There are 13 JSON and 7 Var tokens. That's 65% of the overall token mass (and therefore loss) that's just dedicated to encoding the JSON format. Furthermore, these tokens are always deterministic given the specification in the input prompt.

We reason that once the model learns the core JSON mapping of input to output, the loss shoots down. The incremental gains from this point onward represent the actual learning of the content once the pattern has been established.

Evaluation

To evaluate we pass these two finetuned models through a JSON-constraint framework. We prompt each model with a prompt that includes the expected JSON-schema and one that doesn't include the JSON-schema, so the model only relies on the keys injected into the autoregressive output².

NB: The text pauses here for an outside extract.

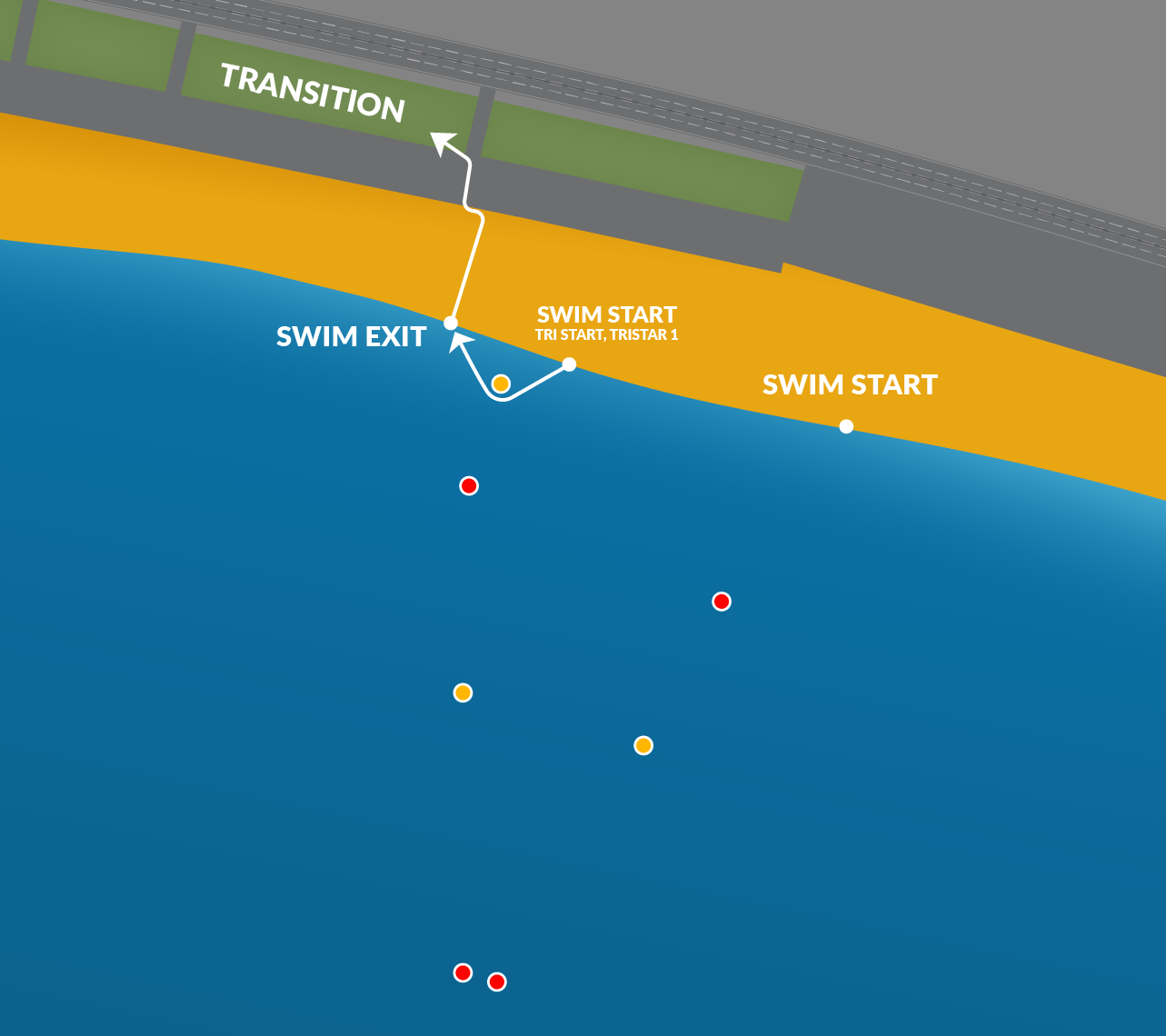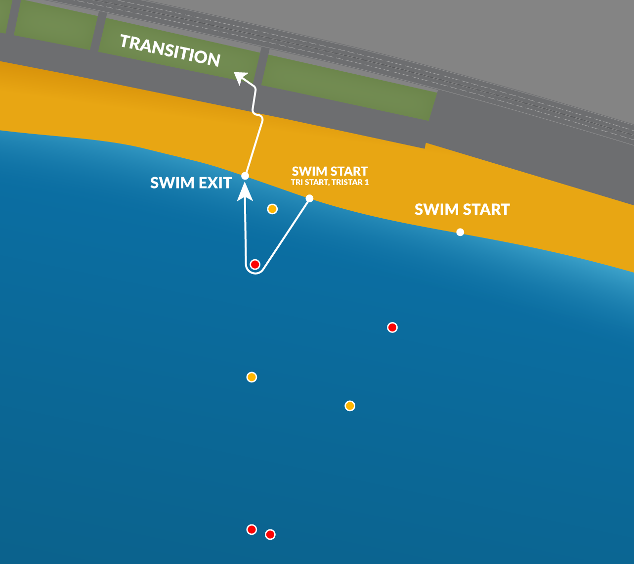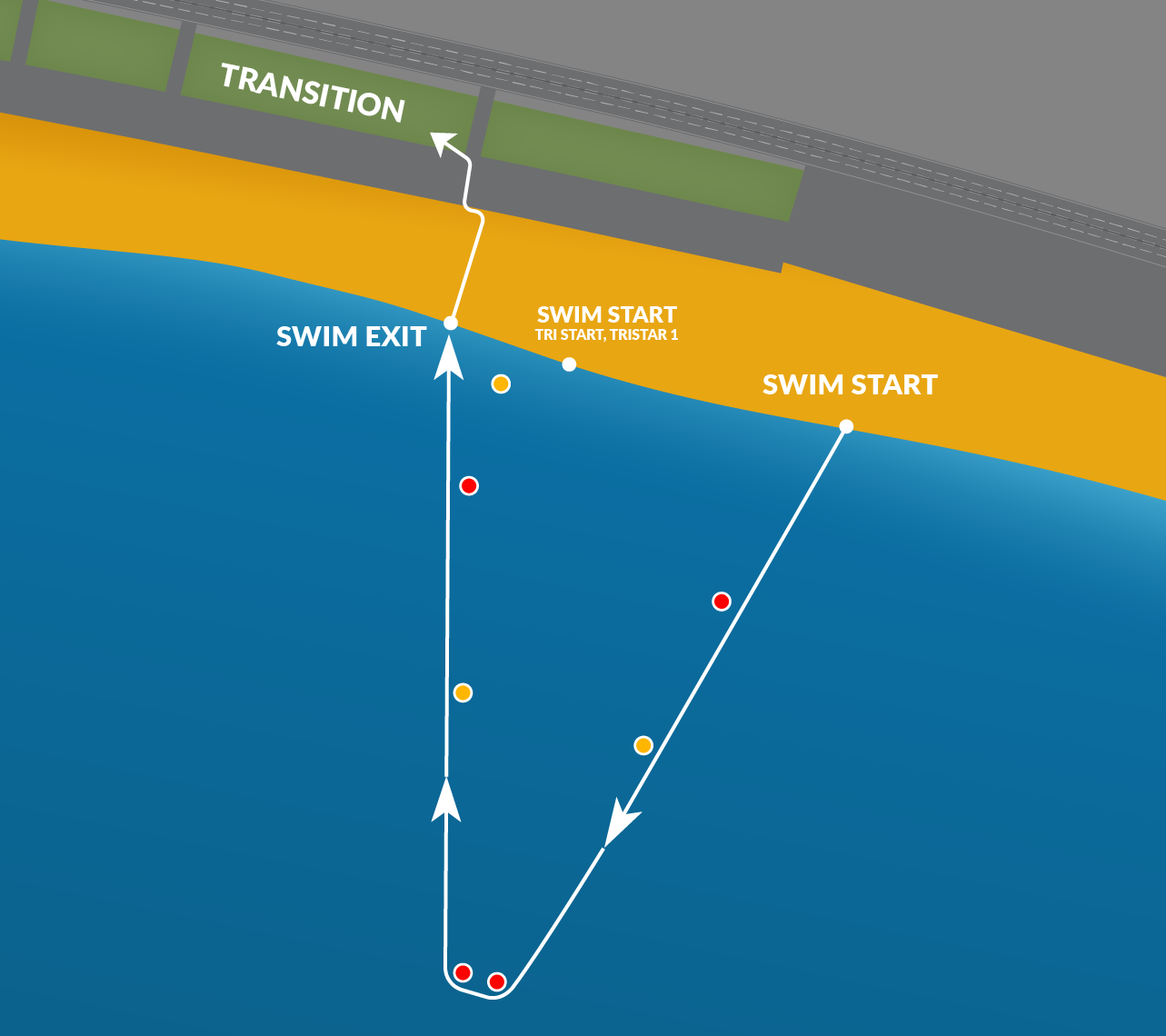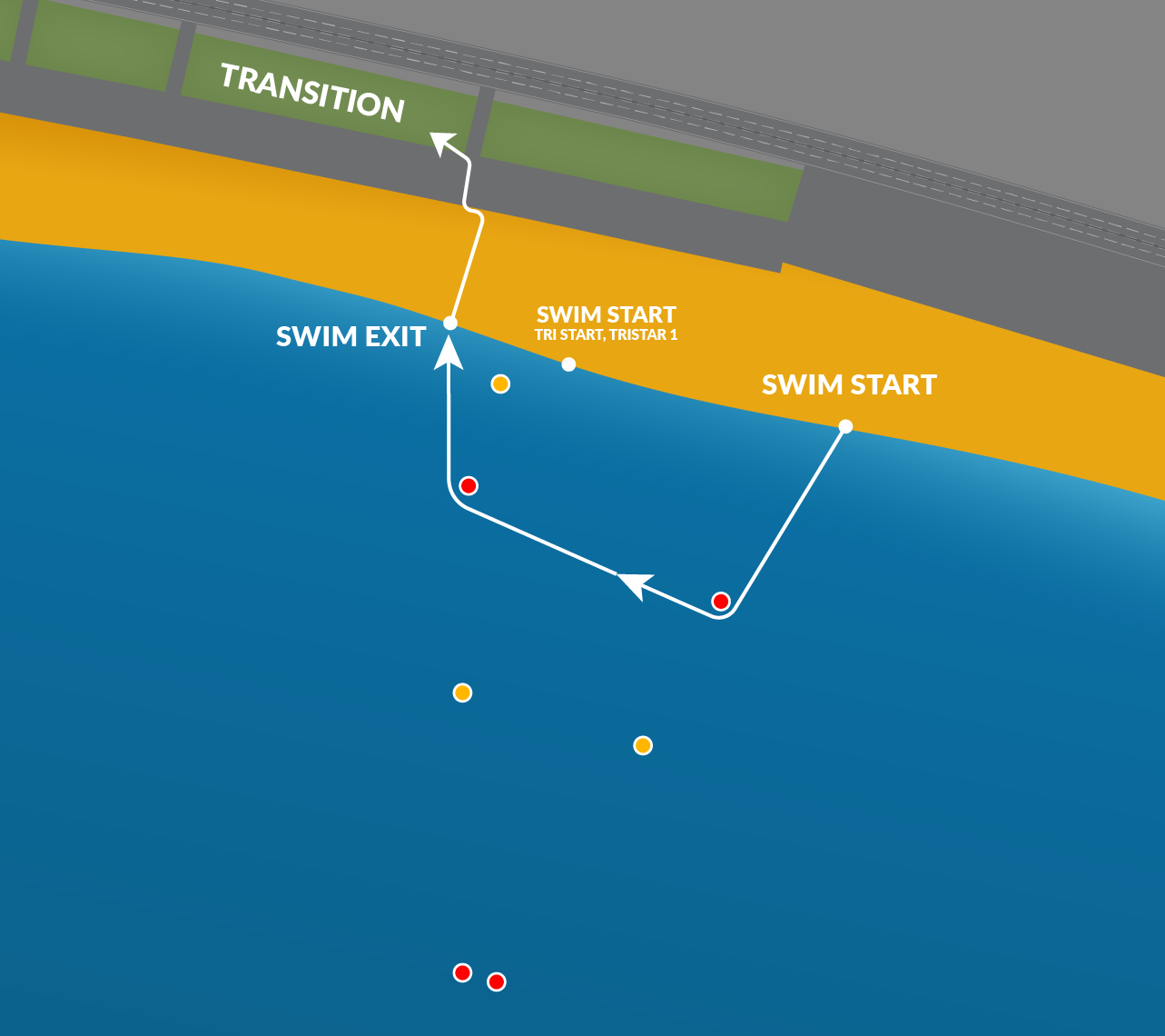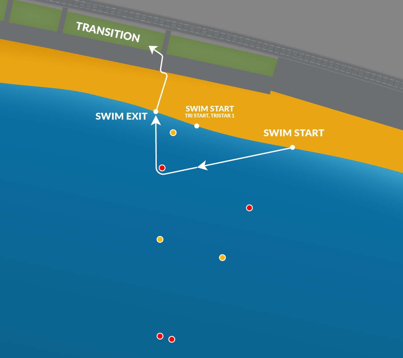 The TriStar 1 race will start approximately 50m to the east of the swim exit. You will swim 100m out to the nearest red buoy (passing the yellow TriStart buoy at 50m) and make a right turn (keeping the red buoy on your right) and then swim 100m back to the swim exit.

Since the RDF triplets are in plaintext, there are a host of evaluation metrics that we could use to compare our predicted outputs (levenshtein distance, BOW Precision/Recall, etc). To keep things simple and interpretable, we benchmark all models on accuracy. This answers whether the model is able to recover its groundtruth exactly.

Model	Prompt includes schema	Prompt excludes schema
Mistral-Instruct-V2	46.35	50.20
Plaintext-Finetune	73.30	72.35
JSON-Finetune	80.00	79.45

Perhaps no surprise, the JSON-Finetune performs better than the other models. Diving into the results a bit deeper, the Plaintext-Finetune often makes the mistake of including too much context in the JSON window. This is likely biased by the initial finetuning that encouraged one string to contain all content. Looking at a few results:

text: The AC Hotel Bella Sky in Copenhagen is part of Marriott International. Marriott International was founded in Washington DC and a key member of staff is Bill Marriott.

goal: {'company': 'Marriott International', 'foundationPlace': 'Washington, D.C.'}

prediction: {'company': 'Marriott International', 'foundationPlace': 'Washington, D.C.} The constraint model has a company of Marriott International'}

Often these results appear very close to generating valid JSON, but forget a valid closing tag and therefore continue past the end of where it should.

text: Julia Morgan, the architect, was born in San Francisco and some of her significant projects include Asilomar Conference Grounds, The Riverside Art Museum, Hearst Castle and Asilomar State Beach.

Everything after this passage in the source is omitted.